Page 10 Addendum #1 Discussion regarding the relative merits of web based diagnostic DICOM readers v/s Blackbird s implementation of OsiriX. Much of the information below was obtained from an excellent article Radiology Workload Sharing http://www.healthinc.com.au/products.htm Many practices are distributed geographically with reporting radiologists (RR) scattered over different sites. If one RR is quiet it is very useful to move the images to that site this is what workload balancing means. The challenge is to ensure that remote images get to the reporting site as rapidly as possible. Two factors affect transmission speed: 1) Size of images. 2) Size of the pipe (network bandwidth). Data may be made smaller with compression. One type of compression is streaming, which is common in web based PACS systems (see below). Although this gives the impression of being faster this is not in fact true the initial (non diagnostic) image is painted on the screen and then the rest arrives, filling in the pixels. Things such as scrolling through the stack or reformatting cannot be done accurately until the whole image has arrived. Essentially there are 2 load-balancing models: 1) Web based With a Web Based PACS system, a PACS server is installed in a central site and images are routed directly to the main server over the network. If the web PACS goes down, the reporting stops! This extremely important to know - a poorly deployed Web PACS, without redundancy (read additional expense), can bring down an entire practice.

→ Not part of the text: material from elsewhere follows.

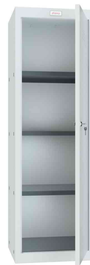
Würfel-Schließfach CL1244, hellgrau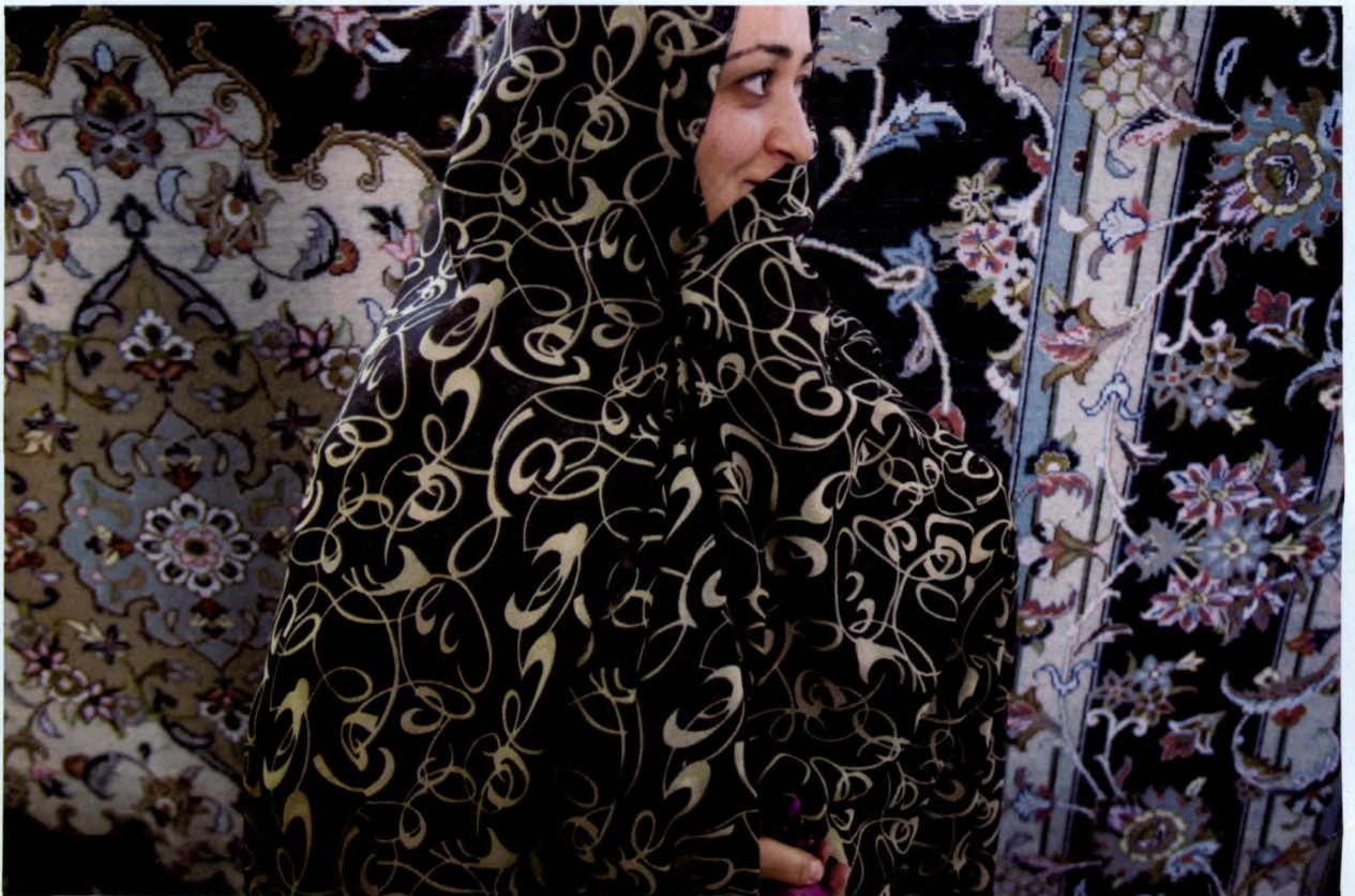
一个妇女站在一幅手织的波斯地毯前

Page 11 Modalities are very simple in their image transmission rules. For example most cannot compress images. Thus, if required to send directly to a remote server, transmission will be slow. Once images are on the Web Server the radiologist pulls images to their local workstation. This may mean that the radiologist might be pulling images from a remote server in a distant location, for a CT study that was done in the next room! This is, of course, very inefficient and bandwidth extravagant. To address this, a Web PACS over a WAN should have image caching servers at each site with a master database at the main site. This allows images at each site to be locally cached, therefore making better use of bandwidth and significantly increasing speed. The image cache however, is another server, and adds cost, and one still needs a workstation. While load balancing is important, it is equally important to realize that most images are actually reported from the site at which they were generated. Therefore, sending uncompressed images from the remote site to the central server and then pulling most images back from the Web PACS is very inefficient. 2) Thick client typified by OsiriX. Blackbird s solution detailed in the body of this whitepaper is inherently faster and more bandwidth friendly than a web based solution.